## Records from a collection
----

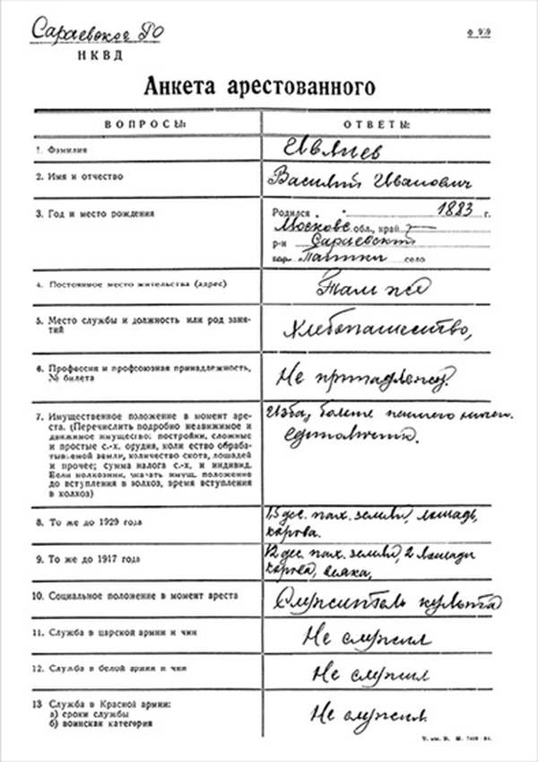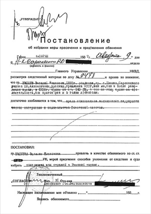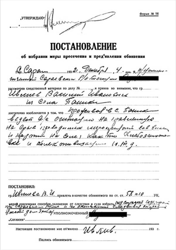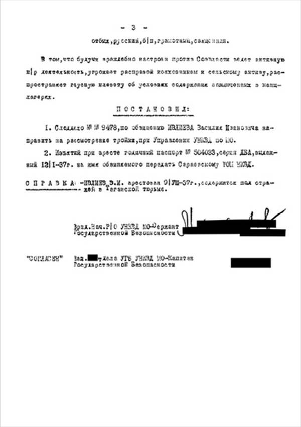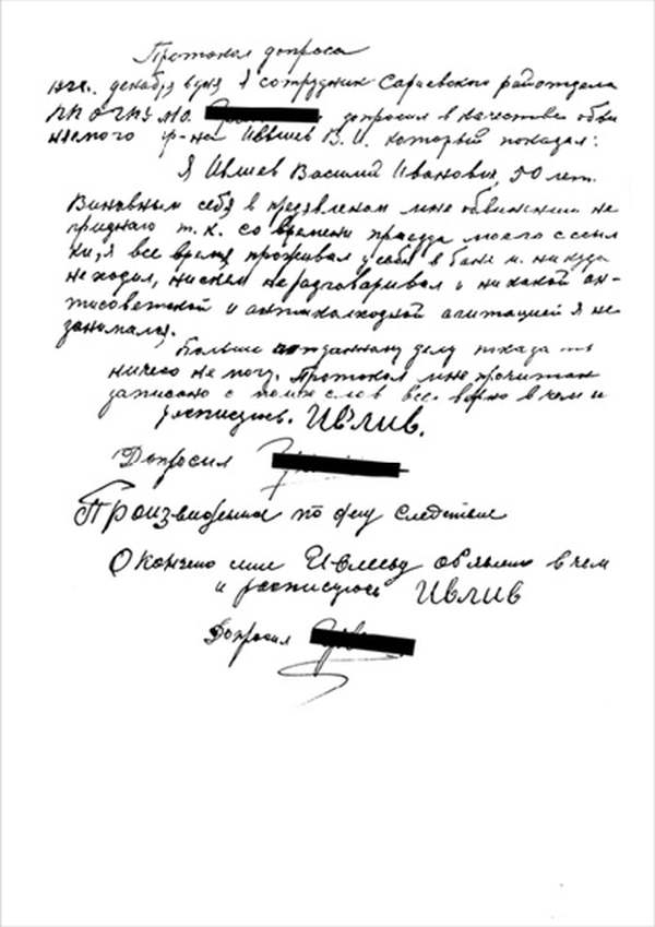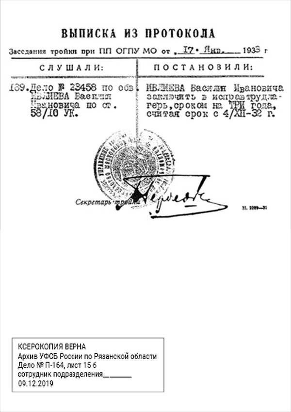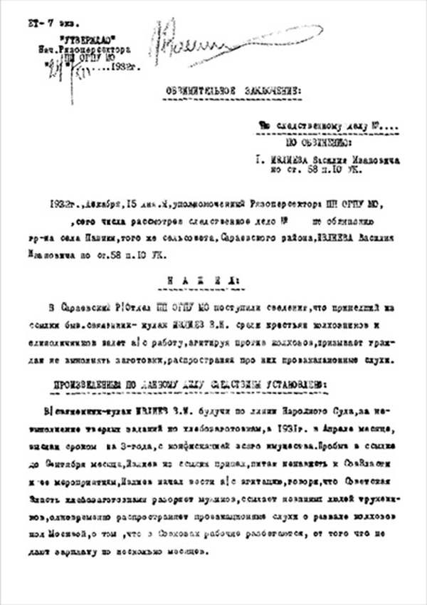 Я, Н-К Сараевского РО ____________ отдела __________ Главного управления __________ НКВД, рассмотрев следственный материал по делу № 9478 и приняв во внимание, что гр. ИВЛИЕВ Василий Иванович, 1883 г. рождения, пр. с. Паники Сараевского района МО, единоличник, русский, гражданин СССР, как до, так и после революции кулак, в 1930 г. судим по ст. 145 УК, в том же году судим за а/с деятельность, был приговорен к 5 годам л/свободы, достаточно изобличается в том, что среди колхозников высказывал террористическое настроение и недовольство властью.
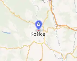 ![]() | Wooden church of St. Nicholas from Kožuchovce [5] | Permanent exhibit | East Carpathian wooden church and wooden belfry, originally from the village of Kožuchovce. | Námestie maratóncov 2 | Transferred to Košice in the 20th century. Located in the park on the grounds of the main building. |
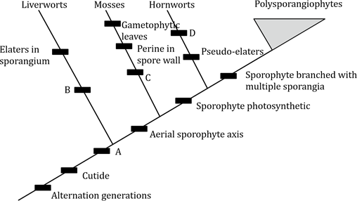 A. Cuticle: The cuticle is a waxy layer that helps prevent water loss in plants, which is a key feature for terrestrial adaptation. This corresponds to apomorphy (iii): Morphological changes that take place with plant development. The cuticle is an important adaptation for plant survival on land, which is why it is linked to morphological development in plants.
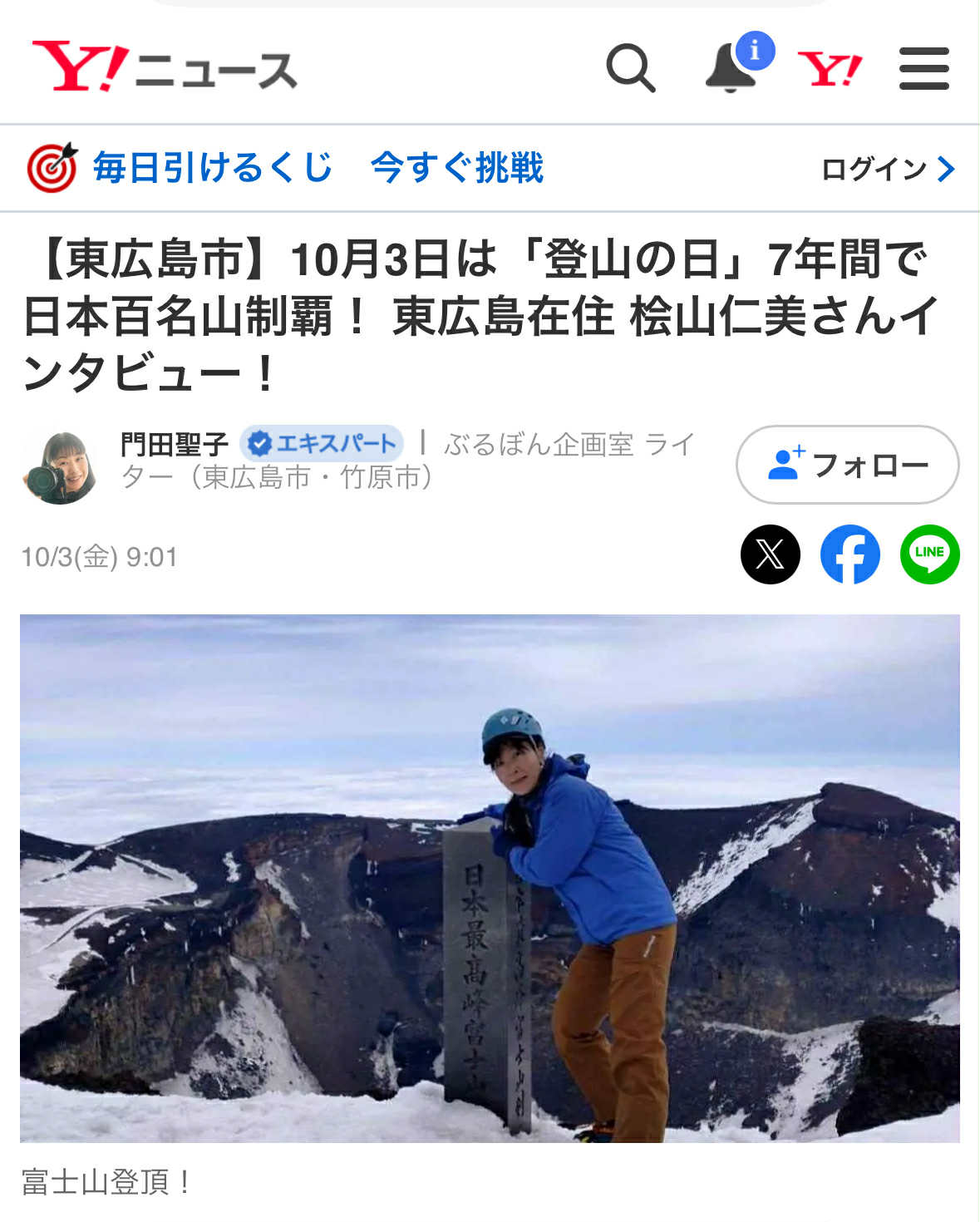 【東広島市】10月3日は「登山の日」7年間で日本百名山制覇! 東広島在住 桧山仁美さんインタビュー!
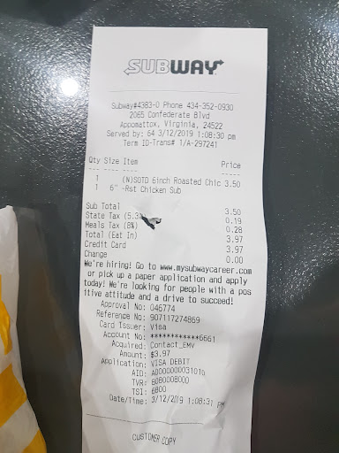 Read moreMy wife and I were traveling and decided that this would be a quick lunch. Wrong! When we arrived there were 3 people in line. The first two were handled as usual. To set the stage, three people were working: a man was taking the order, a lady was adding the toppings and a lady was working on to go orders. When it was our turn he took my wife's order and her sandwich moved down the line. He then got busy with the cash register. Following that he just disappeared. BTW: I was the only person in line. My wife's sandwich was sitting by the register as I just stood there. He reappeared but made no move to even address my presence. Finally after several minutes he told me that he would be right back. All the while the other two ladies were busy with the to go orders. Finally he reappeared again and ask me what I wanted. He made my sandwich. When it came time to pay he gave me my total, I inserted my card and he left. I stood there fir a while and finally asked one of the ladies if I was good to go. They checked and said yes. I took my sandwich and left - never to return. I'm not sure what his issue was but we experienced most likely the worst customer service...

----

## GOAL OF THE EXERCISE
Please copy the data above exactly, omitting the pictures.

## OUTPUT FOR THIS TASK
 Я, Н-К Сараевского РО ____________ отдела __________ Главного управления __________ НКВД, рассмотрев следственный материал по делу № 9478 и приняв во внимание, что гр. ИВЛИЕВ Василий Иванович, 1883 г. рождения, пр. с. Паники Сараевского района МО, единоличник, русский, гражданин СССР, как до, так и после революции кулак, в 1930 г. судим по ст. 145 УК, в том же году судим за а/с деятельность, был приговорен к 5 годам л/свободы, достаточно изобличается в том, что среди колхозников высказывал террористическое настроение и недовольство властью.
 ![]() | Wooden church of St. Nicholas from Kožuchovce [5] | Permanent exhibit | East Carpathian wooden church and wooden belfry, originally from the village of Kožuchovce. | Námestie maratóncov 2 | Transferred to Košice in the 20th century. Located in the park on the grounds of the main building. |
 A. Cuticle: The cuticle is a waxy layer that helps prevent water loss in plants, which is a key feature for terrestrial adaptation. This corresponds to apomorphy (iii): Morphological changes that take place with plant development. The cuticle is an important adaptation for plant survival on land, which is why it is linked to morphological development in plants.
 【東広島市】10月3日は「登山の日」7年間で日本百名山制覇! 東広島在住 桧山仁美さんインタビュー!
 Read moreMy wife and I were traveling and decided that this would be a quick lunch. Wrong! When we arrived there were 3 people in line. The first two were handled as usual. To set the stage, three people were working: a man was taking the order, a lady was adding the toppings and a lady was working on to go orders. When it was our turn he took my wife's order and her sandwich moved down the line. He then got busy with the cash register. Following that he just disappeared. BTW: I was the only person in line. My wife's sandwich was sitting by the register as I just stood there. He reappeared but made no move to even address my presence. Finally after several minutes he told me that he would be right back. All the while the other two ladies were busy with the to go orders. Finally he reappeared again and ask me what I wanted. He made my sandwich. When it came time to pay he gave me my total, I inserted my card and he left. I stood there fir a while and finally asked one of the ladies if I was good to go. They checked and said yes. I took my sandwich and left - never to return. I'm not sure what his issue was but we experienced most likely the worst customer service...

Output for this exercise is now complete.